Copy the data verbatim and leave out every picture.

• **RECORDED INFORMATION**:
******

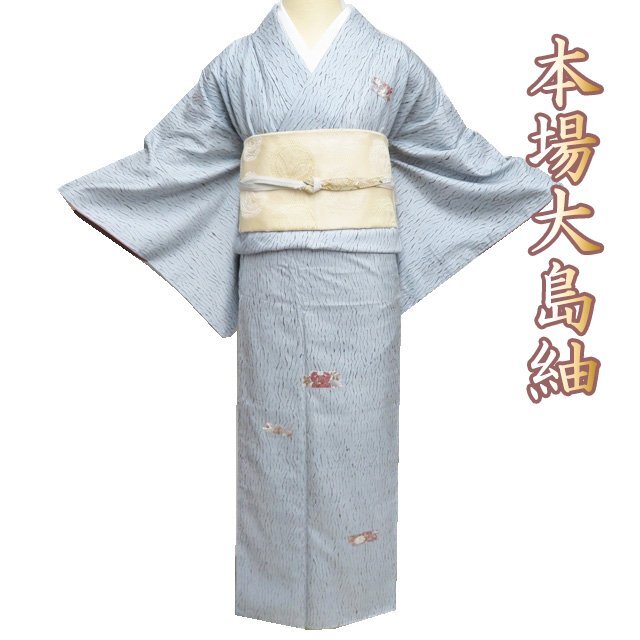 > 本場 大島紬 着物 中古 正絹 袷 セミフォーマル 杢目絞り 刺繍 反端付き 朧花色 多色 身丈156cm 裄63cm M きもの北條 A1278-3
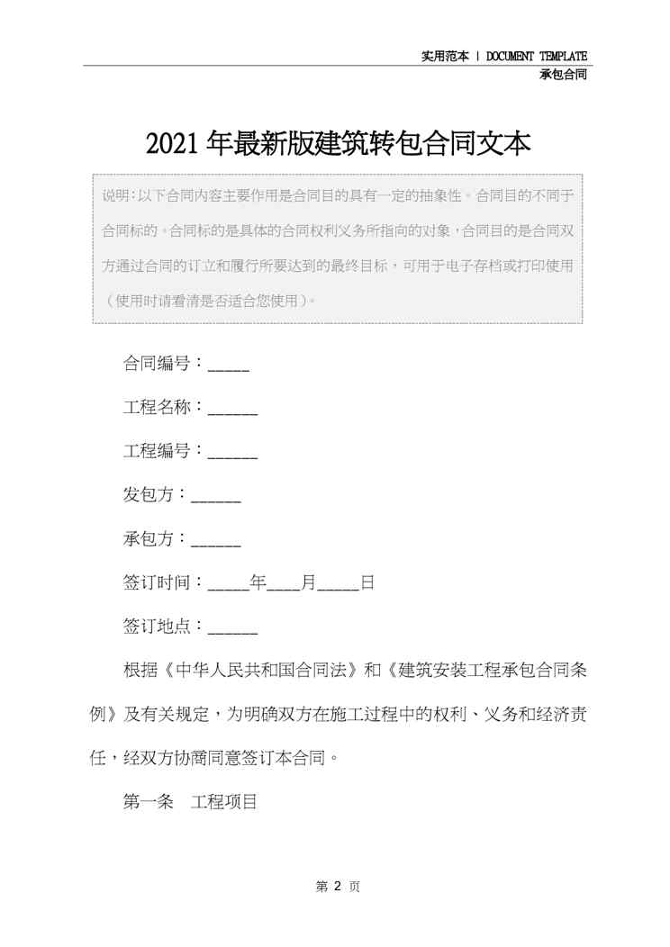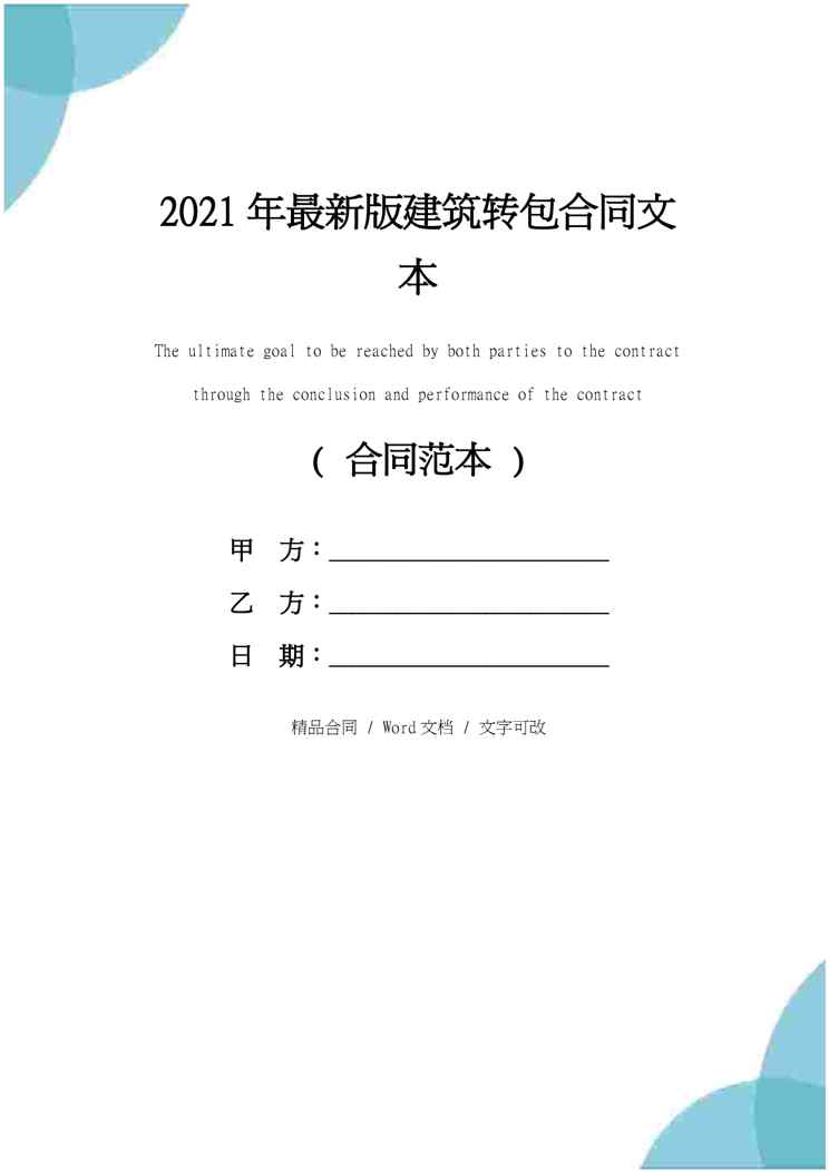 本站正式发布了《2021年最新版建筑转包合同文本》文档,文档详细内容可下载阅读。 声明:本站所有文章,如无特殊说明或标注,均为本站原创发布。任何个人或组织,在未征得本站同意时,禁止复制、盗用、采集、发布本站内容到任何网站、书籍等各类媒体平台。如若本站内容侵犯了原著者的合法权益,可联系我们进行处理。
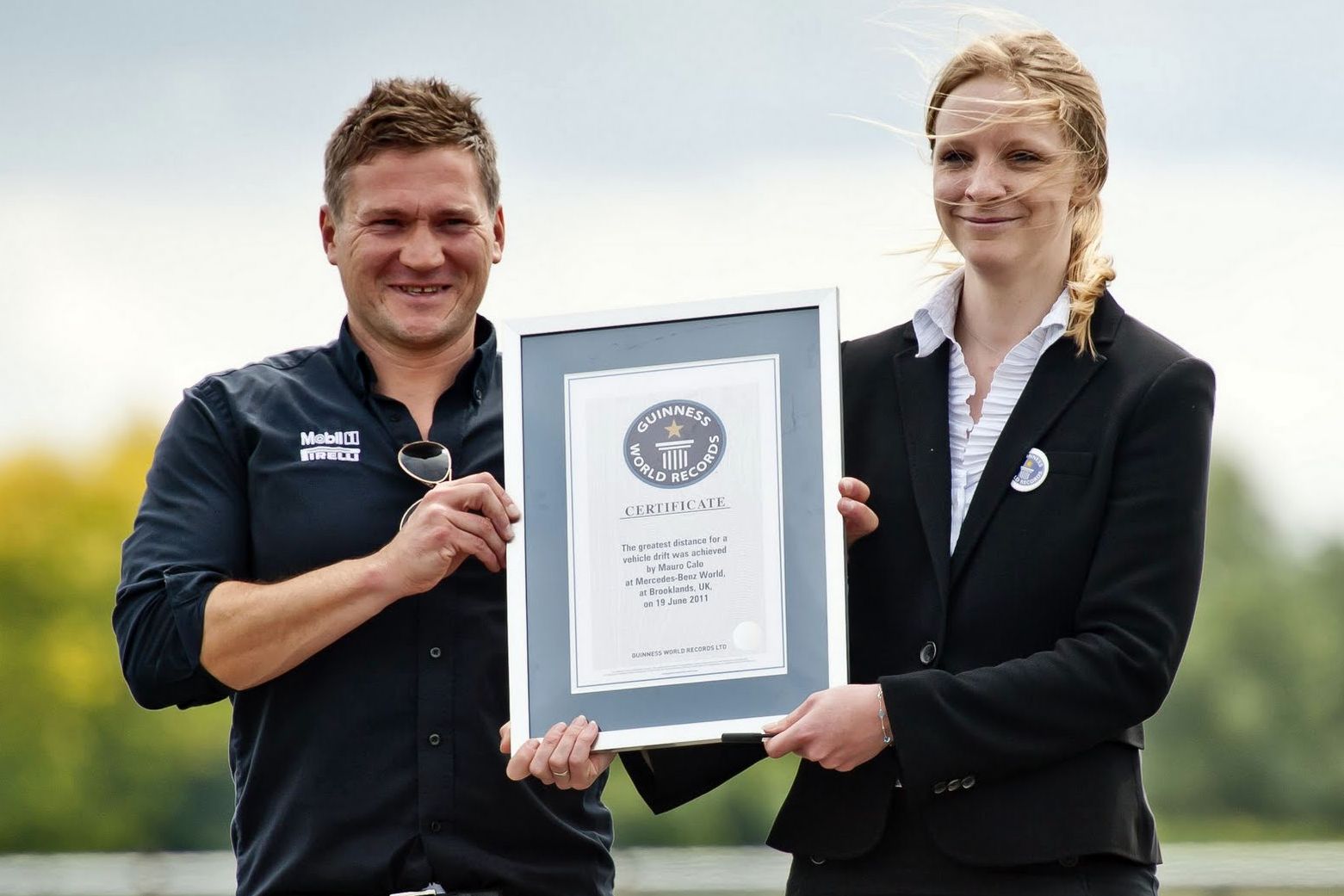 Világrekordot állítana fel a leghosszabb drift kategóriájában, ha munkaeszközét, a C 63 AMG sportlimuzint biztosítaná a cég a kísérlethez - a Mercedesnél pedig szeretik és elismerik őt, így aztán nem mondtak nemet. A pályán Mauro tett néhány bemelegítő kört, majda keresztbe vágta a kocsit, és innentől 2 308 méteren át folyamatosan "lapjával előre" rajzolta az íveket, füstöltek a gumik, és a közönség kezdett beleszédülni. Voltaképpen a gumik tűrőképességén múlt, hogy a fekete autó meddig tud mozgásban maradni, és a nyolcadik körben - ahogy előre sejteni lehetett - a legnagyobb terhelést kapó jobb hátsó volt az, amelyik megadta magát, és cafatokra szakadva lerepült a felniről. Az addig megtett táv azonban elegendő volt a Guiness rekordhoz.

******

• **SOLUTION TO THIS PROBLEM**:
 > 本場 大島紬 着物 中古 正絹 袷 セミフォーマル 杢目絞り 刺繍 反端付き 朧花色 多色 身丈156cm 裄63cm M きもの北條 A1278-3
 本站正式发布了《2021年最新版建筑转包合同文本》文档,文档详细内容可下载阅读。 声明:本站所有文章,如无特殊说明或标注,均为本站原创发布。任何个人或组织,在未征得本站同意时,禁止复制、盗用、采集、发布本站内容到任何网站、书籍等各类媒体平台。如若本站内容侵犯了原著者的合法权益,可联系我们进行处理。
 Világrekordot állítana fel a leghosszabb drift kategóriájában, ha munkaeszközét, a C 63 AMG sportlimuzint biztosítaná a cég a kísérlethez - a Mercedesnél pedig szeretik és elismerik őt, így aztán nem mondtak nemet. A pályán Mauro tett néhány bemelegítő kört, majda keresztbe vágta a kocsit, és innentől 2 308 méteren át folyamatosan "lapjával előre" rajzolta az íveket, füstöltek a gumik, és a közönség kezdett beleszédülni. Voltaképpen a gumik tűrőképességén múlt, hogy a fekete autó meddig tud mozgásban maradni, és a nyolcadik körben - ahogy előre sejteni lehetett - a legnagyobb terhelést kapó jobb hátsó volt az, amelyik megadta magát, és cafatokra szakadva lerepült a felniről. Az addig megtett táv azonban elegendő volt a Guiness rekordhoz.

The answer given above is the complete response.